:: DATA SEGMENT ::
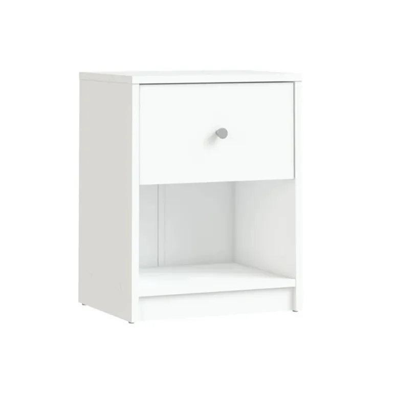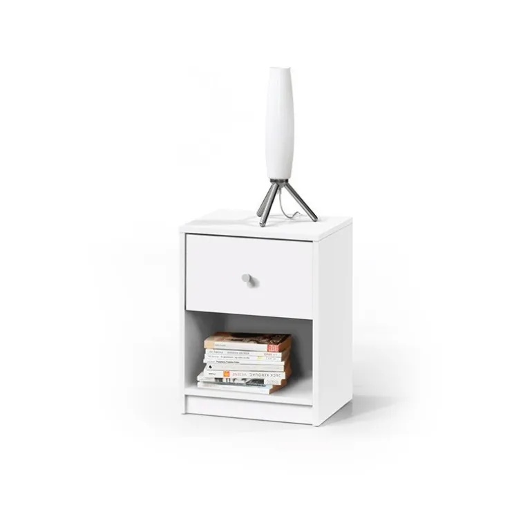 Drupe natbord hvid med 1 skuffe og lille hylde. Solidt og funktionelt lille natbord, med plads til en lampe eller andet brugskunst på toppen. Skab hygge i soveværelset med dette enkle bord.
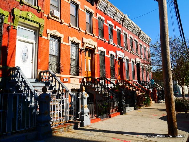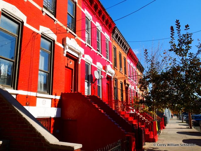 Located on the south side of East 142nd between Willis and Brooks Avenues, these 42 neo-Grec rowhouses designed by William O’Gorman date back to 1897. While they were originally built of brick with stone ornaments, many are now an array of bright and bold colors.
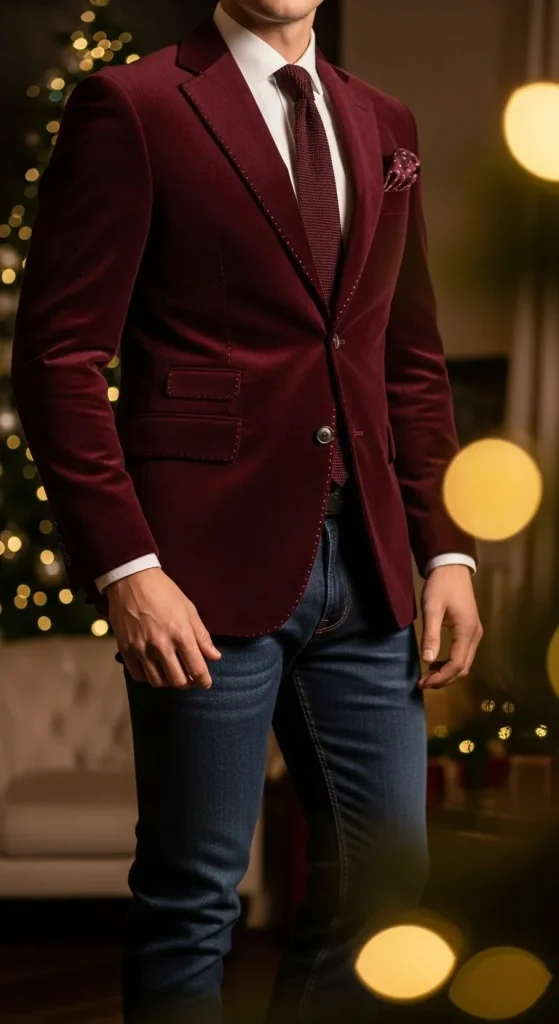 A burgundy blazer feels festive while staying classy. Dark denim keeps the outfit grounded and practical. Choose a black or charcoal tee underneath. This outfit works well for after-work events or casual evenings. If the blazer feels bold, choose a deeper burgundy tone. Steam the blazer for smooth sleeves and clean shoulders. This look is great for photos and doesn’t require new accessories.
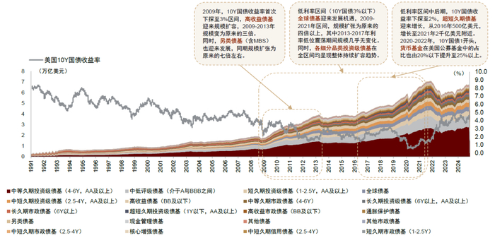 演绎1,美国模式:1)初抵低利率时期,高收益债基率先迎来规模扩容;另类债基,即主要投向次级债、永续债、优先股及MBS等资产的债券基金,同步迎来快速发展。2)贯彻整个低利率区间,全球债基规模明显增长;细分久期和券种的投资级债基在全区间呈现扩容趋势。3)低利率区间中后期,10年期国债收益率步入“1开头”阶段,超短久期债基迎来规模快速增长,货币基金迎来资金增量。4)从公募基金的产品结构变化来看,权益基金长期占据主导地位,债券基金与货币基金市占率维持稳定,截至2024年末合计占比45%左右。
:::
● **WHAT TO PRODUCE**:
Once the pictures are set aside, what is needed is the lines from the line with "Located on the" through the end of the data, written out exactly and alone.

● **SOLVED EXERCISE**:
 Located on the south side of East 142nd between Willis and Brooks Avenues, these 42 neo-Grec rowhouses designed by William O’Gorman date back to 1897. While they were originally built of brick with stone ornaments, many are now an array of bright and bold colors.
 A burgundy blazer feels festive while staying classy. Dark denim keeps the outfit grounded and practical. Choose a black or charcoal tee underneath. This outfit works well for after-work events or casual evenings. If the blazer feels bold, choose a deeper burgundy tone. Steam the blazer for smooth sleeves and clean shoulders. This look is great for photos and doesn’t require new accessories.
 演绎1,美国模式:1)初抵低利率时期,高收益债基率先迎来规模扩容;另类债基,即主要投向次级债、永续债、优先股及MBS等资产的债券基金,同步迎来快速发展。2)贯彻整个低利率区间,全球债基规模明显增长;细分久期和券种的投资级债基在全区间呈现扩容趋势。3)低利率区间中后期,10年期国债收益率步入“1开头”阶段,超短久期债基迎来规模快速增长,货币基金迎来资金增量。4)从公募基金的产品结构变化来看,权益基金长期占据主导地位,债券基金与货币基金市占率维持稳定,截至2024年末合计占比45%左右。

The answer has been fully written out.